Excerpted records:
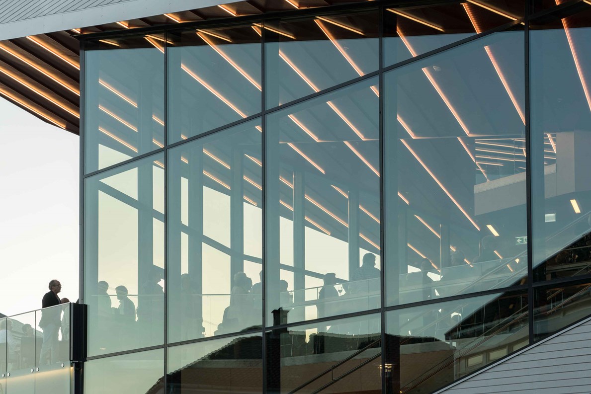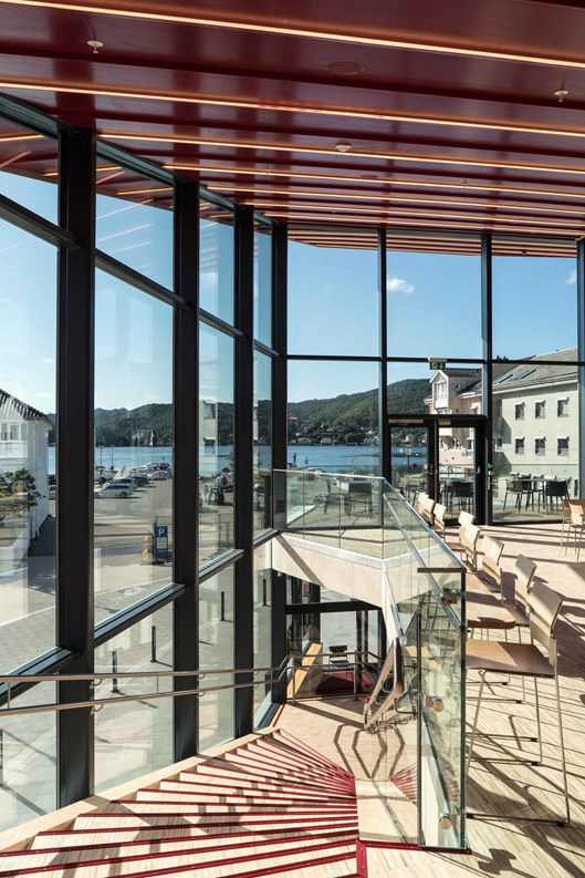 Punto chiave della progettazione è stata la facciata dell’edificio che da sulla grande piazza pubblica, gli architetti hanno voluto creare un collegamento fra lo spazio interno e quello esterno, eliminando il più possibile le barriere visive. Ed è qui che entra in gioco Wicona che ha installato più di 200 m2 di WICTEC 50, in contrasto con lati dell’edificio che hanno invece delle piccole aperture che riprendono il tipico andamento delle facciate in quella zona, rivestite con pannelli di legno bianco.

==

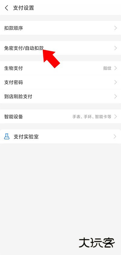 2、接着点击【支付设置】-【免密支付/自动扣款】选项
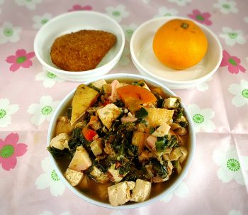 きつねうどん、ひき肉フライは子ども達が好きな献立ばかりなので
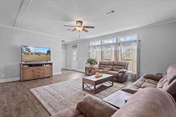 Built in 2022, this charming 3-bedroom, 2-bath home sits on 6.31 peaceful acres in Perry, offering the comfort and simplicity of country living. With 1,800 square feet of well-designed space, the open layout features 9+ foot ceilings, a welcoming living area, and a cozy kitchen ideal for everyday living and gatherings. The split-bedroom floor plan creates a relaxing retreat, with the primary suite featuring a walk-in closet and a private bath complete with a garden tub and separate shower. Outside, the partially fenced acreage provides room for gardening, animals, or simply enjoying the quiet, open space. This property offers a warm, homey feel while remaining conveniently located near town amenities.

Exercise objective: Print an exact copy of the lines above, from the one containing "2、接着点击【支付设置】-【免密支付/自动扣款】选项" through the one containing "Built in 2022, this", and leave out the pictures.

Response box:
 2、接着点击【支付设置】-【免密支付/自动扣款】选项
 きつねうどん、ひき肉フライは子ども達が好きな献立ばかりなので
 Built in 2022, this charming 3-bedroom, 2-bath home sits on 6.31 peaceful acres in Perry, offering the comfort and simplicity of country living. With 1,800 square feet of well-designed space, the open layout features 9+ foot ceilings, a welcoming living area, and a cozy kitchen ideal for everyday living and gatherings. The split-bedroom floor plan creates a relaxing retreat, with the primary suite featuring a walk-in closet and a private bath complete with a garden tub and separate shower. Outside, the partially fenced acreage provides room for gardening, animals, or simply enjoying the quiet, open space. This property offers a warm, homey feel while remaining conveniently located near town amenities.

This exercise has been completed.